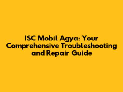 ISC Mobil Agya: Ultimate Guide To Troubleshooting & Repair
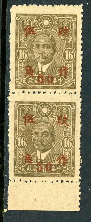 China 1943 Wartime 50¢/16¢ Hunan Scott 530c50 Mint PAIR N578
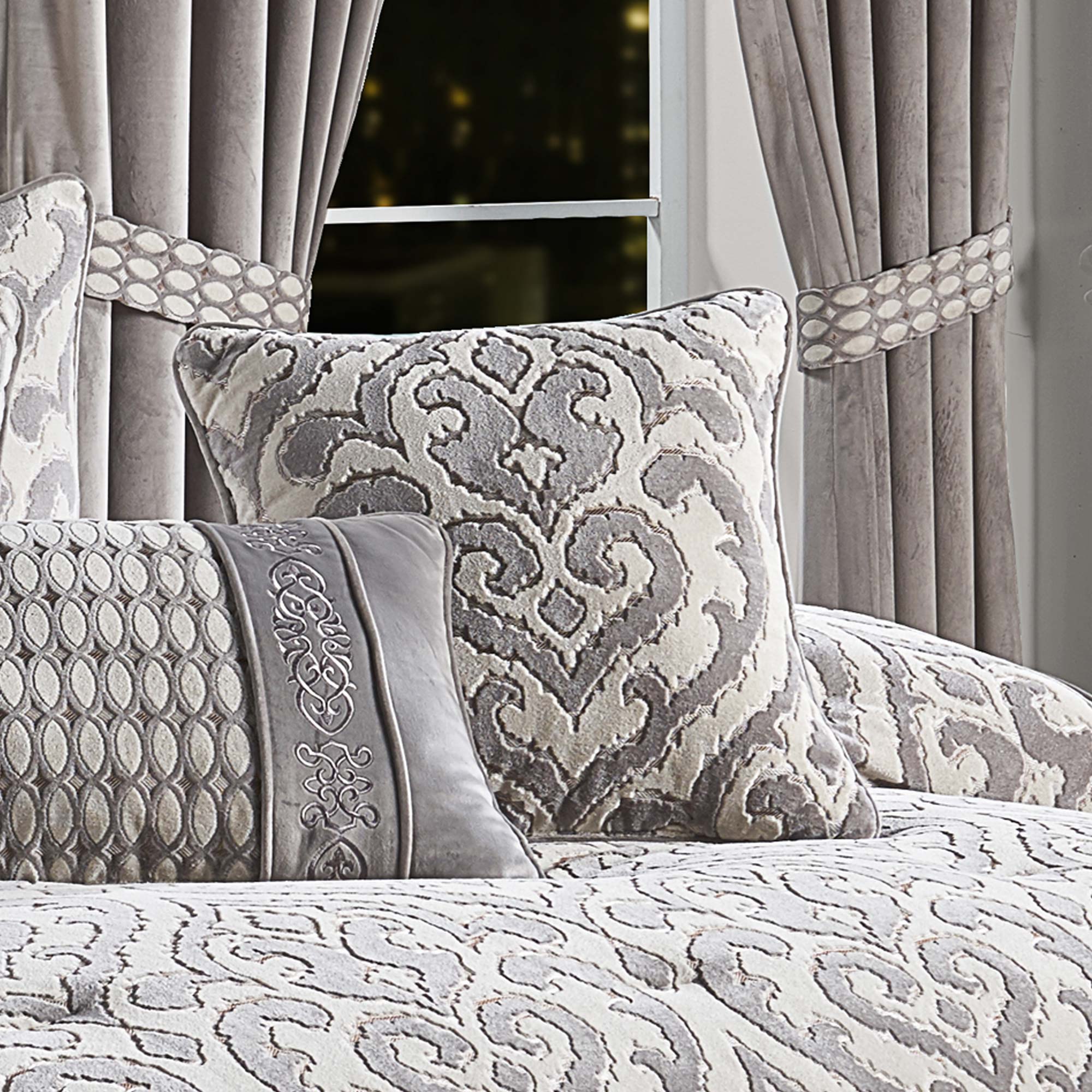 The Belvedere 18 Inch Square Decorative Throw Pillow Is Luxurious And Elegant With An Incredibly Soft Hand From The Woven Velvet Design. This Alluring Medallion Square Pillow Matches Directly To The Top Of Bed Design In A Lovely Silver Tone. The Pillow Offers A Gorgeous Reversible Velvet Diamond Pattern , Adding The Option To Use Both Sides And Finished With A 1/4″ Silver Gray Piping. Pair This Pillow With The Belvedere Bedding Set By J. Queen New York For A Showstopper Complete Look.
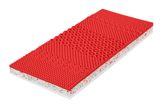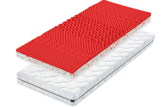 Matrace je oboustranná, takže si můžete zvolit tuhost podle svých preferencí – bílá strana s tuhostí 8 a růžová strana s tuhostí 9. Jádro tvoří tři vrstvy pěny Flexifoam. Bílá strana Flexi Classic z neprofilované pěny je pružná a prodyšná, zatímco růžová strana Flexi Relax má 7 anatomických zón a nabízí jemný masážní efekt. Střední vrstva zajišťuje pevnost a dlouhou životnost matrace.
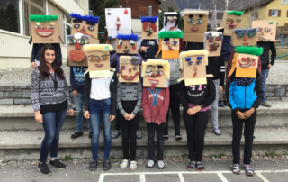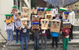 Wir haben im Werken lustige Schachteln gebastelt. Dabei lassen sich Augen, Mund und Nase beliebig austauschen. Unsere 3.Klässler haben auch mehrere Gesichtsausdrücke gemalt, so dass lustige Gesichter zustande gekommen sind. Es hat uns sehr viel Spass gemacht. Danke, dass alle Klassen bei uns vorbei gekommen seid.
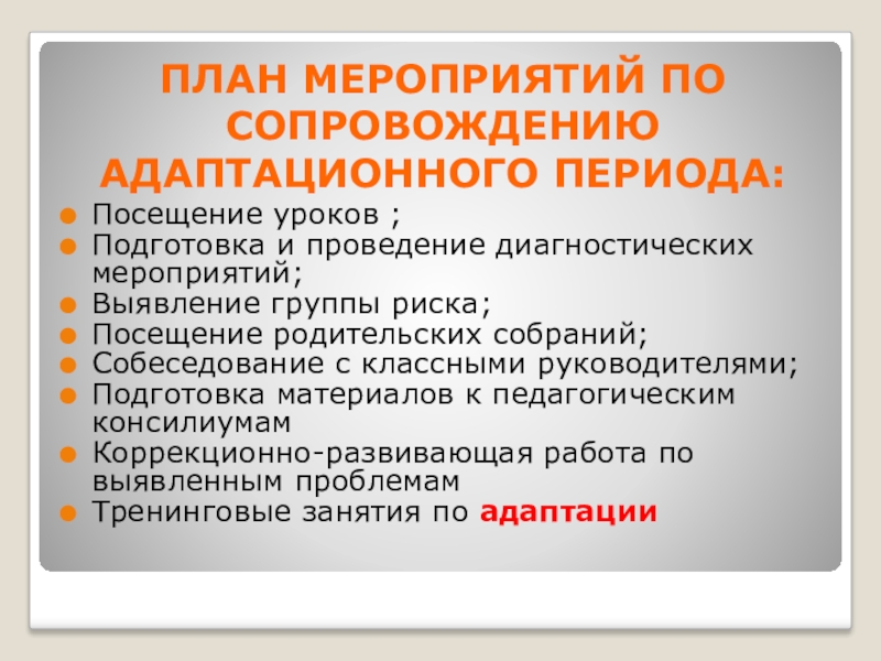 Слайд 24ПЛАН МЕРОПРИЯТИЙ ПО СОПРОВОЖДЕНИЮ АДАПТАЦИОННОГО ПЕРИОДА:
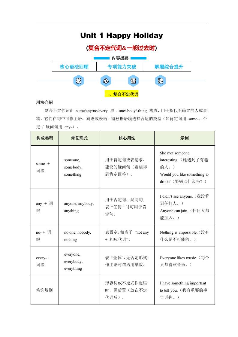Unit 1 Happy Holiday 复合不定代词&一般过去时(原卷版)
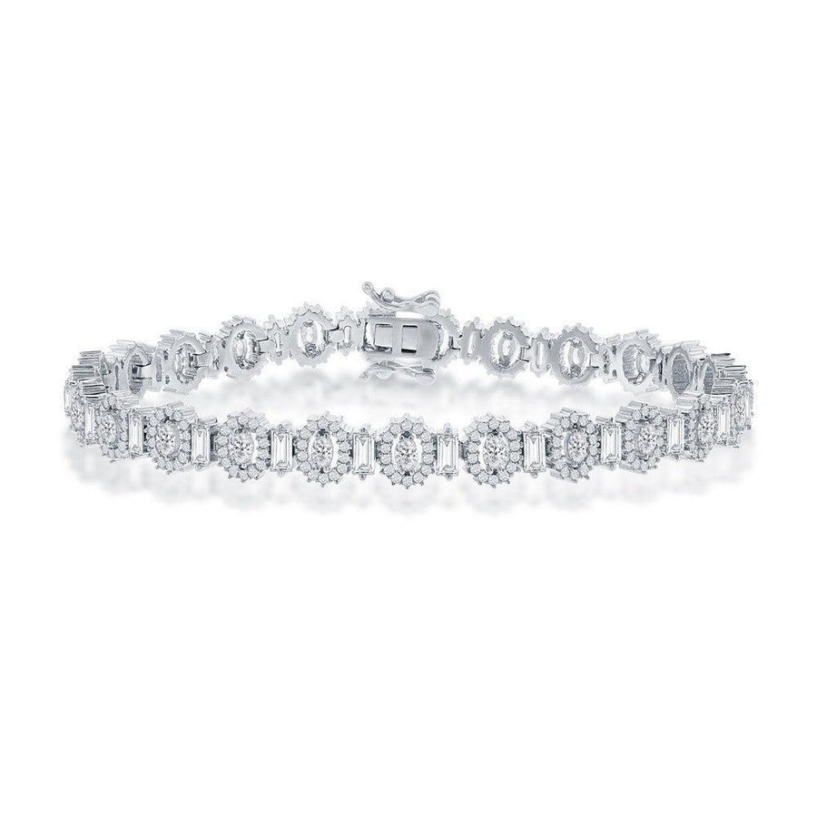 Sterling Silver Alternating Baguette & Oval CZ 5mm Tennis Bracelet

* _What you need to do_
Reproduce the material above exactly but drop all images.

* _Answer below_
 ISC Mobil Agya: Ultimate Guide To Troubleshooting & Repair
 China 1943 Wartime 50¢/16¢ Hunan Scott 530c50 Mint PAIR N578
 The Belvedere 18 Inch Square Decorative Throw Pillow Is Luxurious And Elegant With An Incredibly Soft Hand From The Woven Velvet Design. This Alluring Medallion Square Pillow Matches Directly To The Top Of Bed Design In A Lovely Silver Tone. The Pillow Offers A Gorgeous Reversible Velvet Diamond Pattern , Adding The Option To Use Both Sides And Finished With A 1/4″ Silver Gray Piping. Pair This Pillow With The Belvedere Bedding Set By J. Queen New York For A Showstopper Complete Look.
 Matrace je oboustranná, takže si můžete zvolit tuhost podle svých preferencí – bílá strana s tuhostí 8 a růžová strana s tuhostí 9. Jádro tvoří tři vrstvy pěny Flexifoam. Bílá strana Flexi Classic z neprofilované pěny je pružná a prodyšná, zatímco růžová strana Flexi Relax má 7 anatomických zón a nabízí jemný masážní efekt. Střední vrstva zajišťuje pevnost a dlouhou životnost matrace.
 Wir haben im Werken lustige Schachteln gebastelt. Dabei lassen sich Augen, Mund und Nase beliebig austauschen. Unsere 3.Klässler haben auch mehrere Gesichtsausdrücke gemalt, so dass lustige Gesichter zustande gekommen sind. Es hat uns sehr viel Spass gemacht. Danke, dass alle Klassen bei uns vorbei gekommen seid.
 Слайд 24ПЛАН МЕРОПРИЯТИЙ ПО СОПРОВОЖДЕНИЮ АДАПТАЦИОННОГО ПЕРИОДА:
Unit 1 Happy Holiday 复合不定代词&一般过去时(原卷版)
 Sterling Silver Alternating Baguette & Oval CZ 5mm Tennis Bracelet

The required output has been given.